The argument is both true and irrelevant.
It's true inasmuch as we can't really focus on more than one thing at a time. It's irrelevant because it's not only unnecessary, but detrimental, and it's not really what people mean by multi-taasking.
As with our eyes we can focus on one thing, but still pay some attention to those things in our peripheral vision. We won't be very successful trying to hit baseballs thrown at us by two pitchers simultaneously, but can probably move or duck if either is about to hit us in the head. We can walk and chew gum at the same time. Or talk on the phone and drive (although we shouldn't for the simple reason we can't truly focus on both.)
A different analogy is offered by computing. Until the advent of multiple-core processors, which truly work in parallel, computers didn't really multi-task either. But they nonetheless gave us the illusion of doing multiple tasks simultaneously, and what's instructive is how that happens. Without getting all wonky, it's the result of two things: (1) smart prioritization, and (2) highly-efficient switching between tasks. (And chances are, if you're complaining about your computer being slow, it's because one or both of those things is being done poorly.)

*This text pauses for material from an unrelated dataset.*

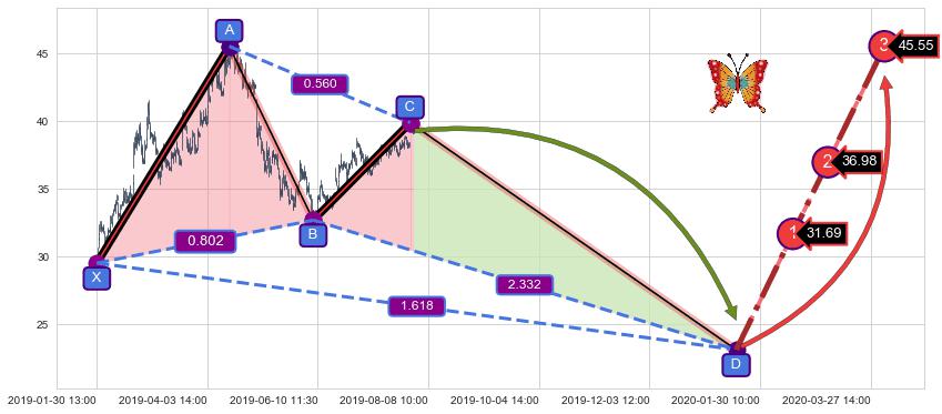 ➣ 未完成【蝴蝶】形态起点X: 01-30:14, 已到达C点: 07-30:10, 预测最终D点: 01-17:10, 共1444交易小时

Smart prioritization is simply spending time on what matters. Your computer should give priority to whatever task is open and in front of you. As I type this, my computer is giving priority to the window in which I'm doing the composition. Other stuff, in the background, like updating a browser page, gets less attention, although it still gets some (I do want that task completed too.) The typical computer manages scores of tasks "simultaneously" by allocating time and resources to each, assigning each one a priority. There may be dozens of priority levels.
At human, rather than computer scale, we can't really manage too many priority levels, so we keep it simpler. I use three, which I call A, B and C priorities. The A tasks are the most important, and typically include the core of my work, whether writing a strategic plan for a client, or preparing for an investor pitch for my company. The B tasks are still important, but not as much, or not in the same way. They tend to be less immediate, and include things like writing web site content or researching competitors. The C tasks are less urgent, but still need to be done; examples include going to networking events, filing, and personal skill growth activities.
It's important to note that, while the A tasks are the most important, and are often mission-critical, the other categories still need to be done, at least eventually. Some time must be allocated to them too. I allocate 60% of my time to A, 30% to B, and the remaining 10% to C. This ensures that the big stuff gets most of my bandwidth, bu the little stuff still gets done.
Highly-efficient switching is making sure as little time as possible is lost when moving to a new task. With the computer, extra memory is great because you can keep multiple tasks in memory and switching to them is very fast. If they must be (re-)loaded from disk, it takes longer. And the more tasks there are going on the more switching may be needed.
Extending from silicon to our organic noggins has the same considerations. The more workspace I can devote to having my tasks in progress, the easier it is to switch between them. I don't need to clear my desk of one thing and pull out everything for another if I can swing over to my work table. Even without needing a lot of table surface, one can optimize the switching by keeping all the materials, supplies, references, etc. together where they can be quickly grabbed and used. File folders are a simple example of grouping, but many constructs work depending on the components of the work.
Finally, switching as little as possible is best. Finish each task, or get to a clean break point. Sequence tasks logically. Schedule stuff where the time, space, environment and limited interruptions enable completion, or at least significant progress against milestones.
Getting stuff done? It looks like multi-tasking, but it isn't. It's organization. It's effective scheduling, prioritization and switching. It is, in a word, execution.